Smarting of skin, but far sorer at heart, Dennis walked quietly off when he had dressed, and skirting the lake went up along the bracken-covered slopes of the park that looked out over the marsh. He longed to confide in his mother, and ask if she could account in any way for this Pentecost of trouble which the holidays had brought, and which had culminated in this thrashing, but in spite of the comfort she might have brought from the mere knowledge of her sympathy, he could not tell her of that, not because it was a humiliation to him, but because it was a disgrace to his father, and that must never be known to her. The offence which provoked it was no cause at all; in the Easter holidays he might have done that until seventy times seven, and his father would only have laughed, and called him a little devil, and thrown the missile back at him. And the same policy of repression must be preserved about his other woes. In whatever manner his father treated him, that was an affair that concerned themselves alone: mere manliness forbade him to go whimpering to anybody, and more stringent yet was the prohibition that his own love for his father enjoined on him. It was impossible to complain: he had got to shoulder his own burden whatever injustice and harshness had laid it on him.

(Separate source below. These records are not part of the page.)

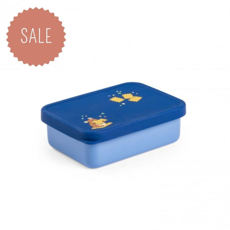 Het zachte siliconen deksel in een mooie blauwe kleur sluit goed af en is versierd met een lieve illustratie van hamster en koekjes. Extra leuk: combineer het snackdoosje met de bijpassende Puce & Pilou drinkbeker voor een complete set!
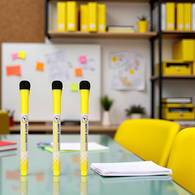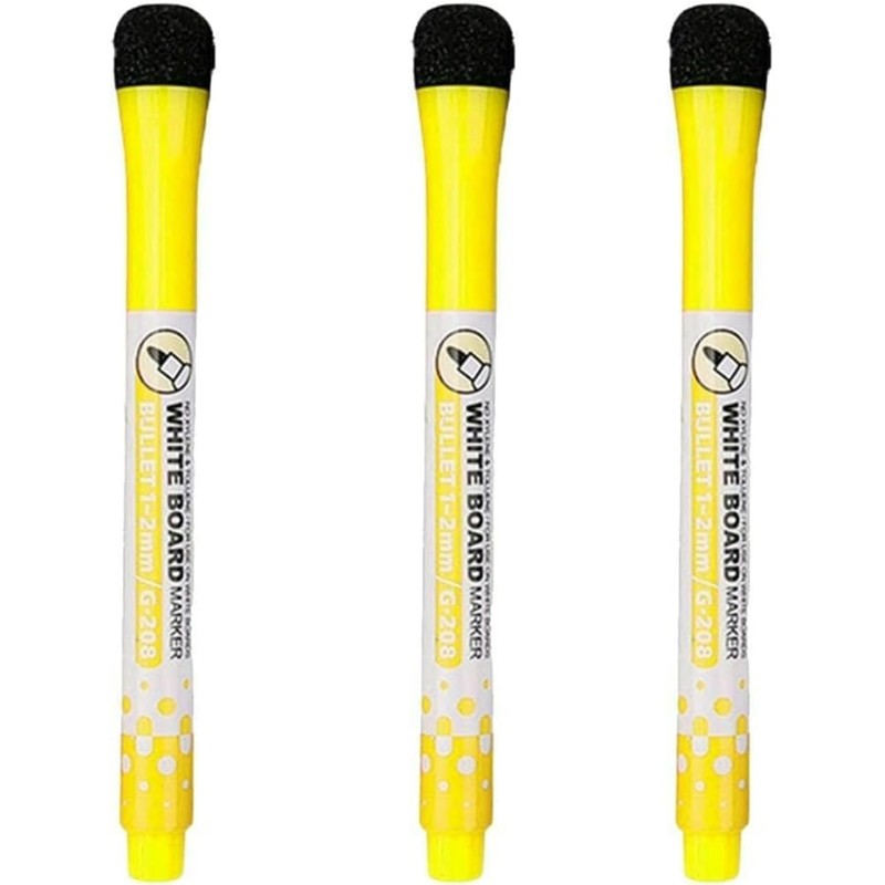 3 Pcs Yellow Magnetic Whiteboard Markers,Magnetic Pen Writing Drawing Erasable Board Marker Office Supplies Erasable Whiteboard Pen Dry Erase and Wet Erase Markers and Highlighters
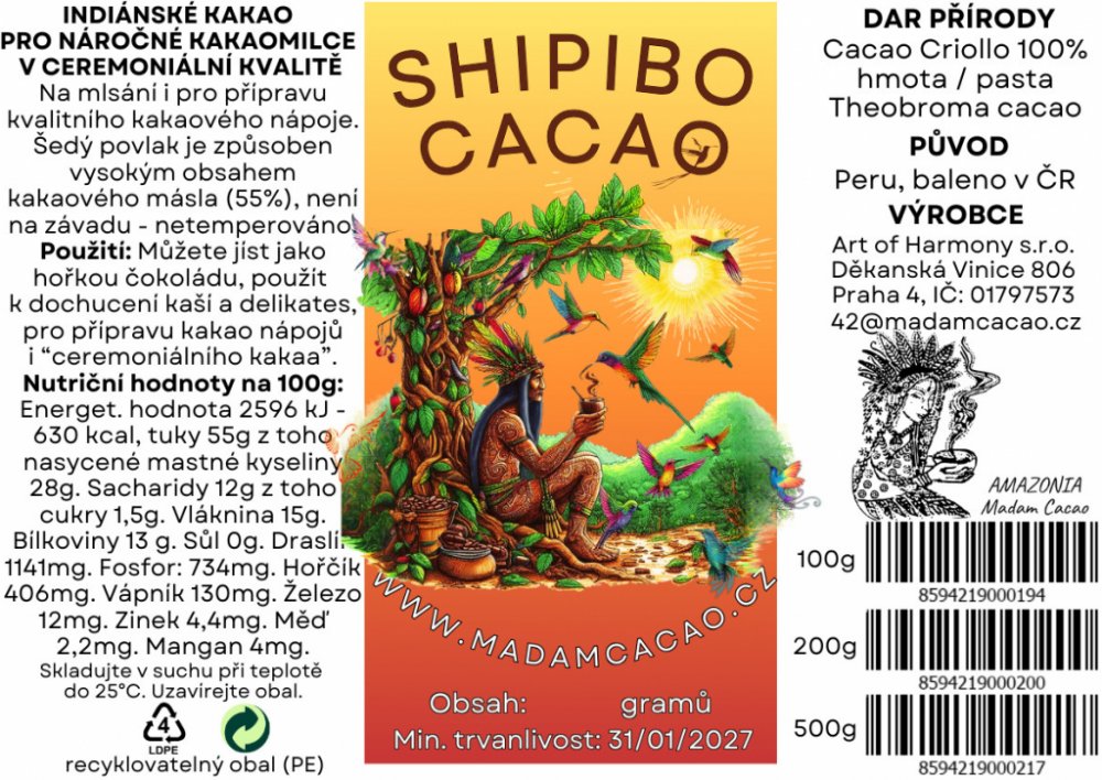 Madam Cacao Amazonia Kakaová hmota Criollo, Shipibo 500 g
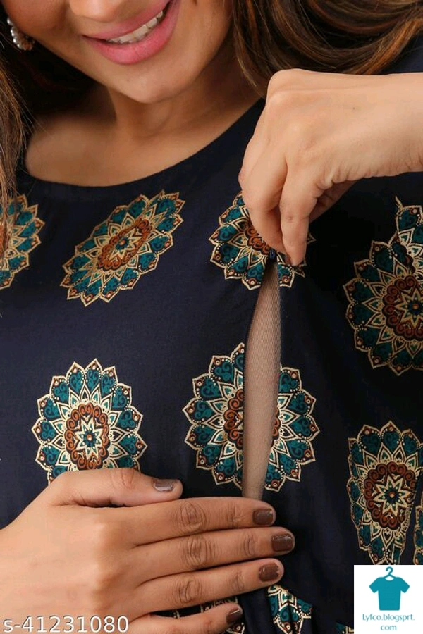 Product Name: *Classy Feeding Kurtis *Fabric: RayonBottomwear Fabric: No BottomwearBottom Type: No BottomwearSleeve Length: Three-Quarter SleevesStitch Type: StitchedFit/ Shape: MaternityPattern: PrintedCombo of: Single
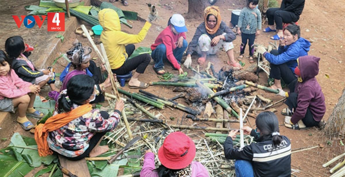Chị H’Vêu, một trong những đầu bếp phục vụ lễ cúng cho biết: Ngày mùng 1 là ngày lễ lúa mới, tất cả mọi người trong đội 1 của mình đều chung tay làm các món ăn để dâng lên các thần. Đây là cơm lam, đây là măng chua xào với thịt heo còn mấy cây chuối xắt xong rồi vò và trộn với thịt chuột rồi bỏ vô lồ ô nướng. Mình sẽ mang xuống nhà rông để mọi người tập trung ăn ở đó.
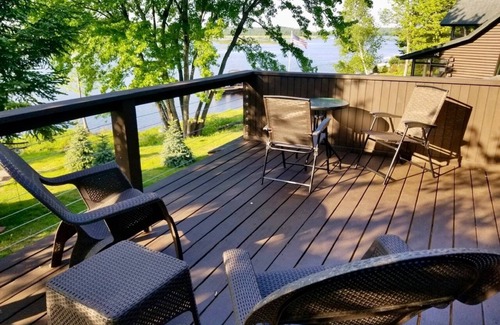 True Adirondack comfort and relaxation can be found in this cozy loft suite. Located on the shores of Lake Simond, at the intersection of Tupper Lake and the Raquette River, you will have direct private access to kayaking, canoeing, fishing or sitting on the dock to enjoy the sunset. With a private entrance to the suite above the garage, you will find your accommodations to be quite inviting. Tastefully decorated in Adirondack style, you will enjoy the comfortable furniture, large screen WIFI TV, and wonderful coffee counter equipped with Keurig, drip coffee maker and electric tea kettle. There is NOT A KITCHEN. There's a grill located on your private deck right off of your suite. Private lean-to and firepit provide the perfect evening relaxation spot! Our location and easy access to town and the surrounding areas have been a real plus for many of our guests. We are not secluded in the woods, you can see the bridge and the road (see sunset picture). ABSOLUTELY NO ANIMALS AND NO SMOKING
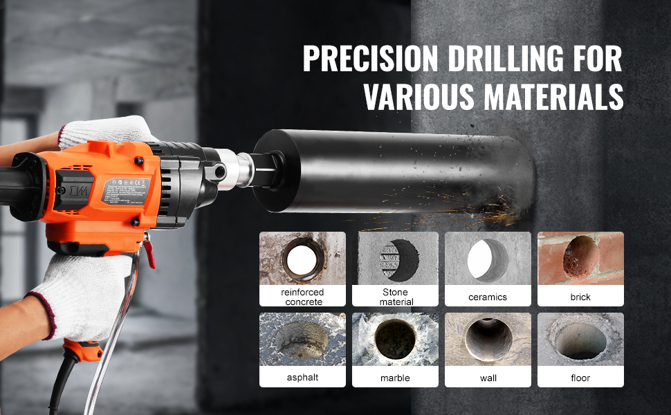 • Engineered for Precision Drilling: The coring drill is designed for easy operation when drilling through reinforced concrete, red brick, marble, and more. It meets professional standards and is versatile enough for various tasks like installing air conditioners, kitchen pipes, stair railings, and even highway maintenance.
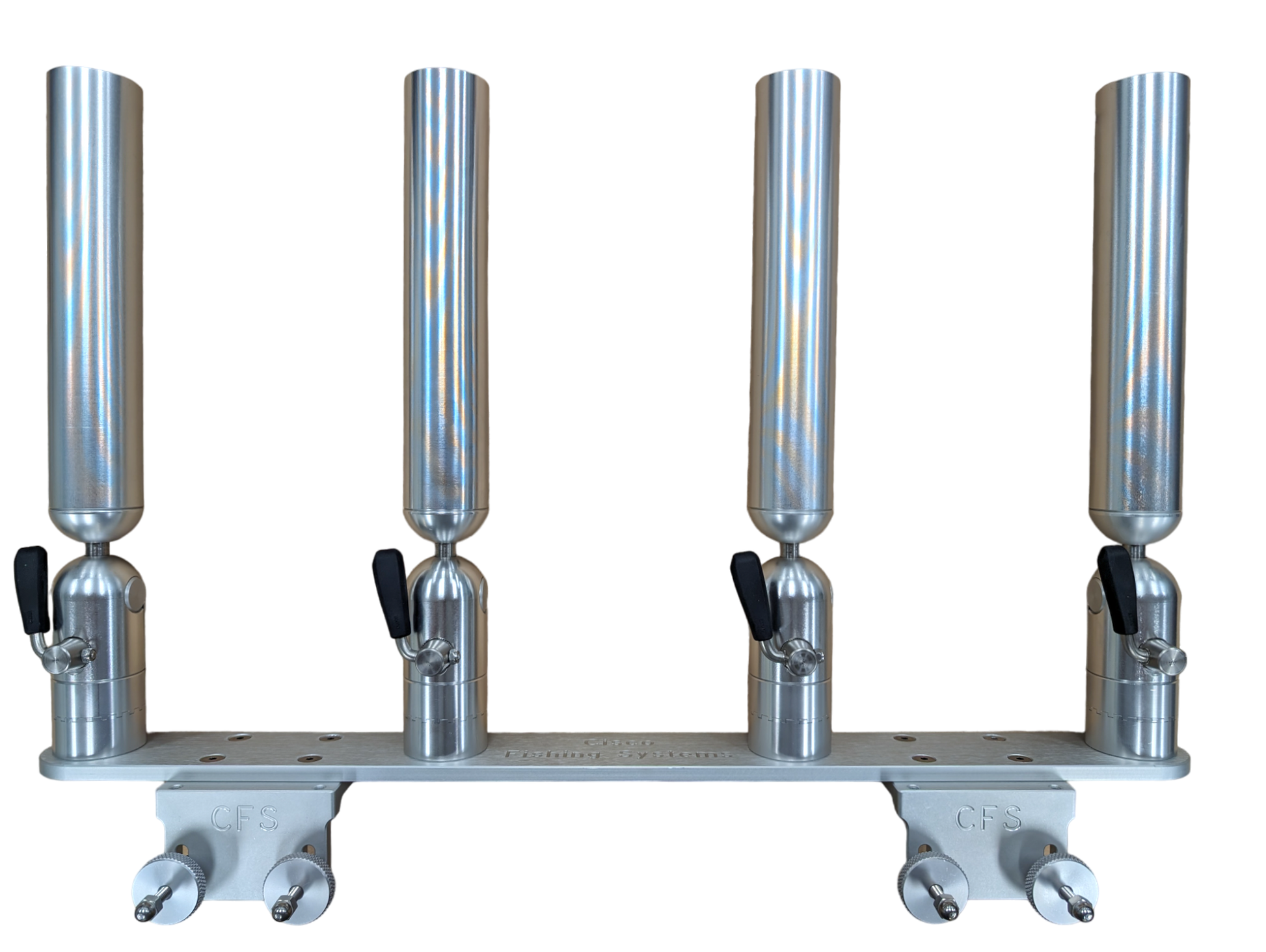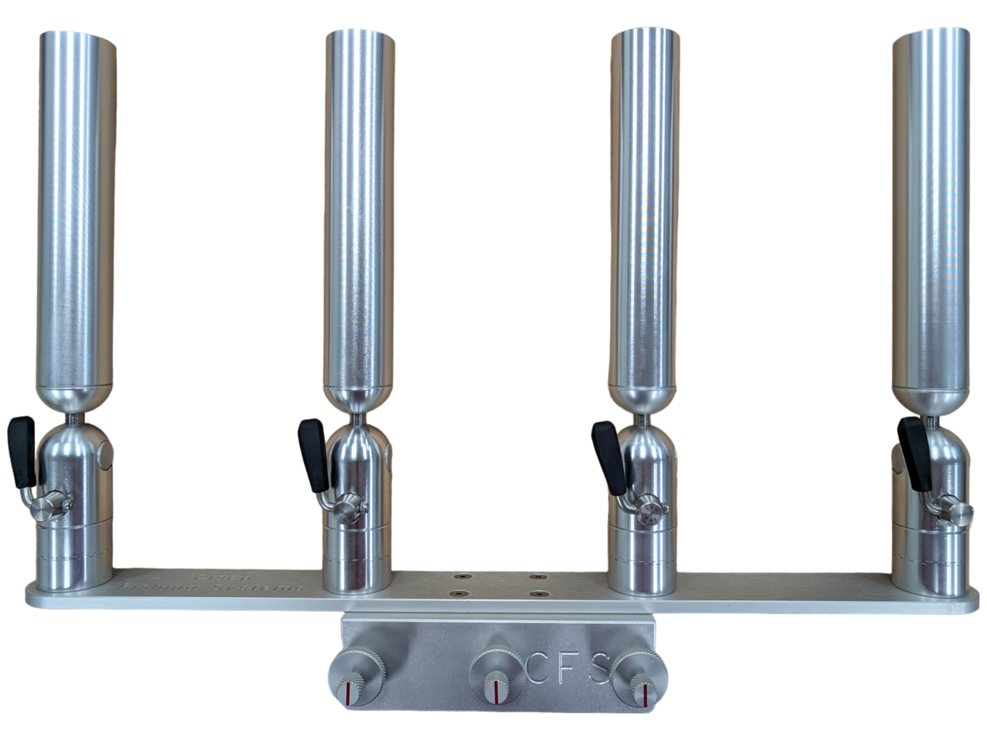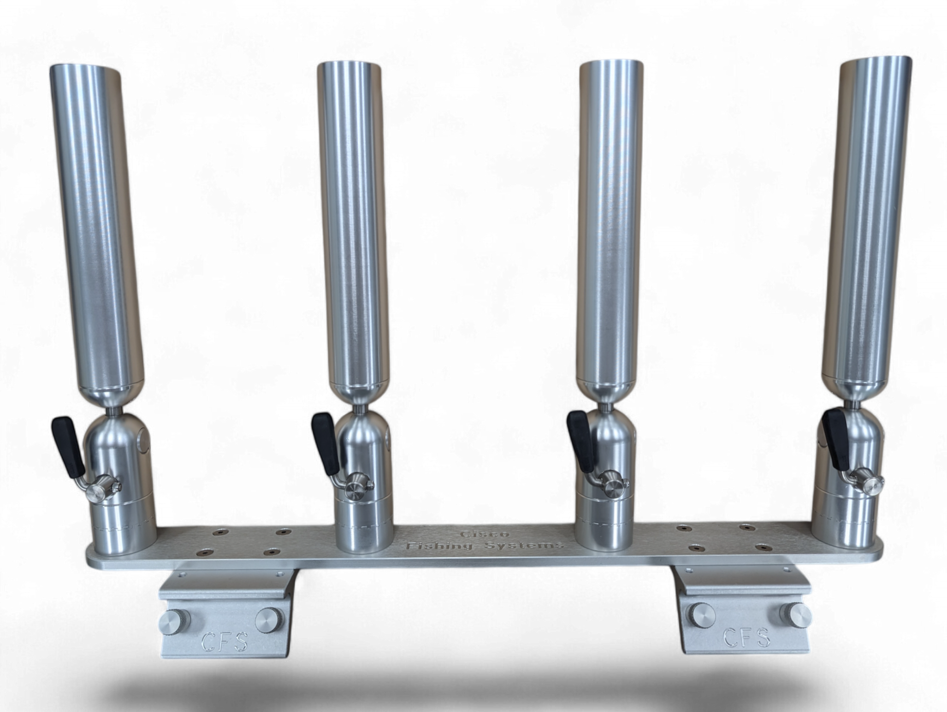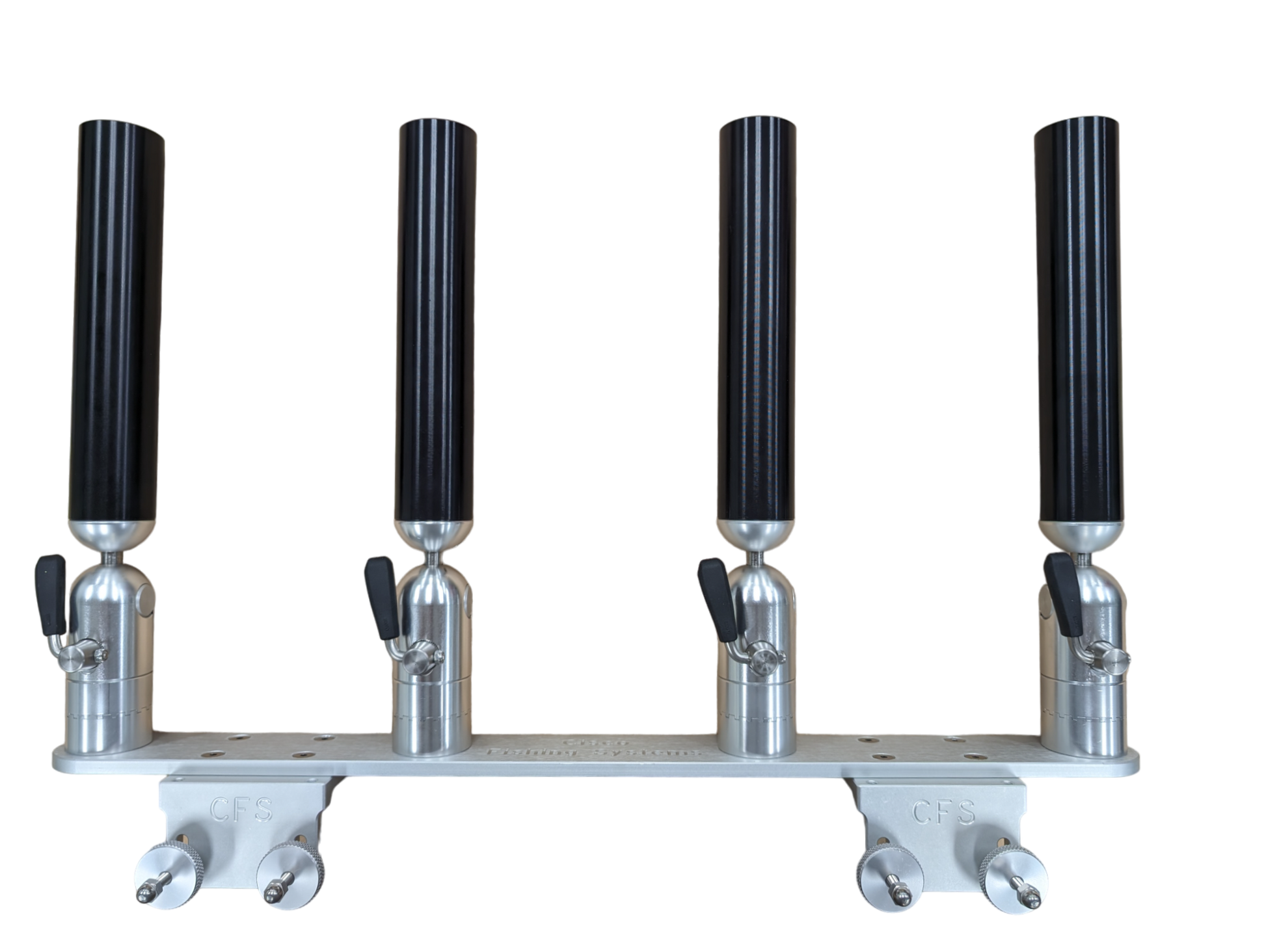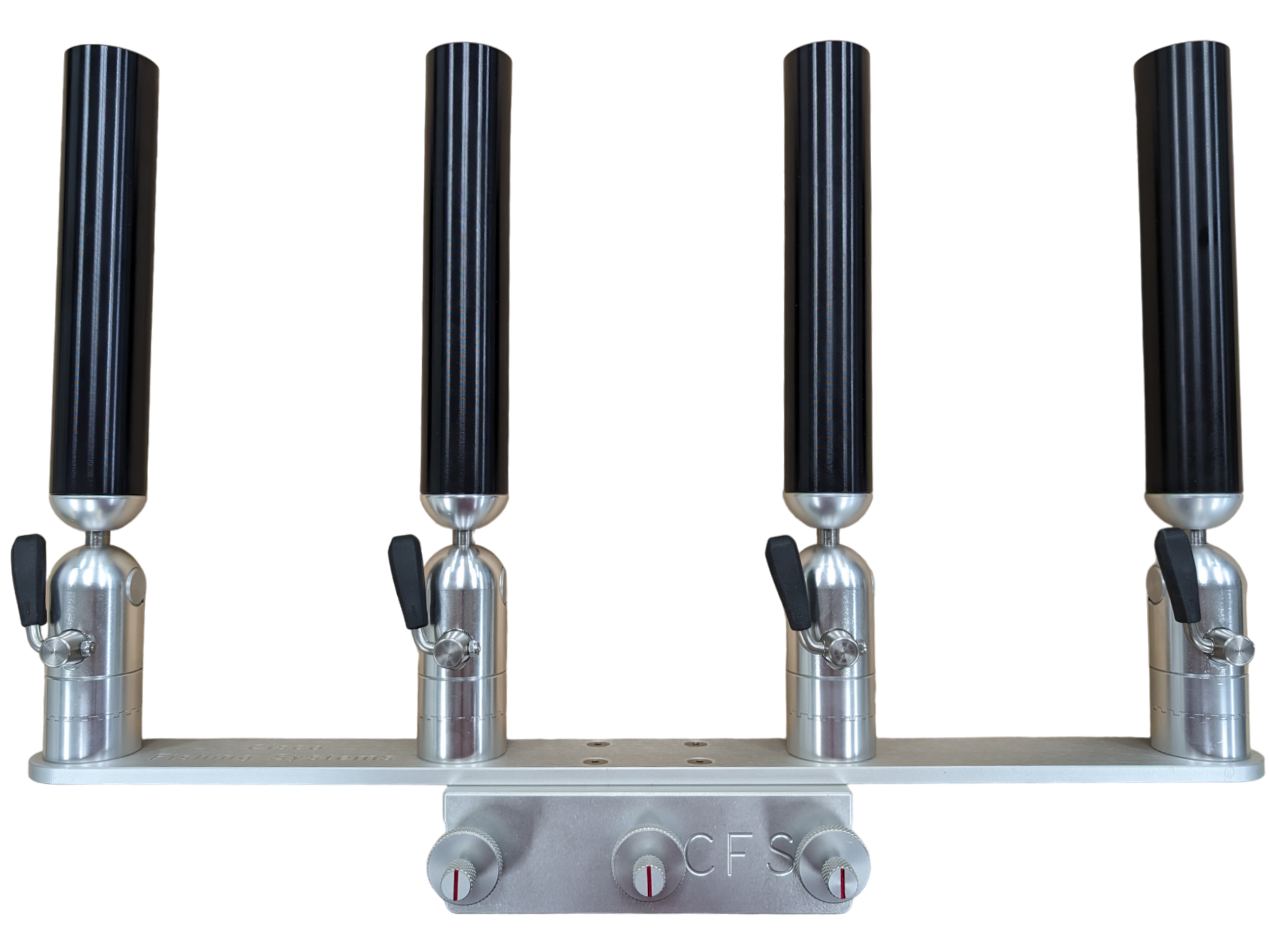 The quad rod holders are available in various mounting platforms. Having the rod holders attached to the triple plate allows for quick and easy removal of multiple rod holders from the vessel. All of our triple setups are available in Silver, Blue, Black or Gold to match your vessels personality.

He waded through the waist-high bracken with the scuttle of rabbits about him. There were patches of bare turf between the clumps of fern; it was great sport to walk through the bracken with a gun, and get a pot-shot at a rabbit that bolted across these clearings. Often had he done that with his father, but to-day he had not the least inclination to fetch his gun. He wanted only, since speaking to his mother was out of the question, to be alone, and stare this intolerable state of affairs in the face, and he sat down in one of these open spaces, with the aromatic smell of the woodland round him, and tried to focus it. He smarted with the blows he had received and with the utter injustice of them, but most of all his heart cried out against the virulent glee in his father’s face, when he told him to turn round again and asked him how he enjoyed it. If only he was like some other fellows at school who either disliked or just put up with their fathers, he would merely have been angry at this abominable treatment, and delighted that the beastly man was taking himself off to-morrow. But Dennis felt none of these natural sentiments; in spite of these harshnesses he would rapturously have gone with his father to Capri, if that had been allowed, unshaken in the faith (which for a minute or two last night had been so joyfully justified) that to-day or to-morrow his father would turn to him again, and be ‘ripping’ as no-one else in the world could be. But his father—and what had he himself done to evoke this desolating displeasure?—had altogether changed to him, he disliked him, and he wanted to hurt him, and finely he succeeded. As the sense of this bitter tragedy grew on him, Dennis could bear it no longer, but rolled over on his face, and, for the first time in this awful fortnight, sobbed with the pain of his wounded affection.
After a while he sat up again: there was no earthly use in indulging in such sloppy tricks, and, pulling himself together, he walked back to the house. It was close on lunch-time, and he made himself neat, for fear of provoking sarcastic comments, and sat in the gallery over a picture paper. Presently his mother and Colin came in together.
“Well, dear, nice bathe?” she said to him.
“Yes, mother, jolly and warm,” he said.
She came over to his chair, and leaned over him, putting her hands on his shoulders. Dennis could not help wincing at that.
“What’s the matter, darling?” she said.
“Nothing. I scratched my back against a snag as I was bathing,” he said. “Rather sore.”
Colin heard that, and instantly he thought to himself, “Now I’ll tell her: that will humiliate him.” But on the heels of that came some sudden glow of pride at the staunchness of the boy. He guessed that he said that, not to spare himself, but to spare him, and, as last night, the yearning for him, the affection he had not yet succeeded in killing, pulled at his heart.
It was an unutterable relief to Violet when, next morning, with charming farewells to her and Aunt Hester, and with a nod to Dennis, Colin drove off to catch his boat at Folkestone. She had ached and mourned over her boy’s misery, but at the same time she had rejoiced in that reticence he had observed to her, for there indeed was the banner of love flying bravely. If he had struck that, and come to her for comfort and with complaint, indeed there would have been no matter for wonder, but she delighted in the fact that he flew it still. But it was good that Colin was gone: poor Dennis had had a rotten time, and she longed to give him pleasanter days. Naturally, he had no inkling of the meaning of his tribulations, of the significance that underlay them, and she had no notion of telling him that, in her belief, a battle was going on that somehow centred round him, in which he, boyishly unheeding, was standing his ground in the face of black and bitter assaults. She knew well that it was not yet over, nor yet nearly over; he had but held his own, and fresh assaults, fiercer yet perhaps, would come. But just for the next few weeks there was truce, and she was thankful for that.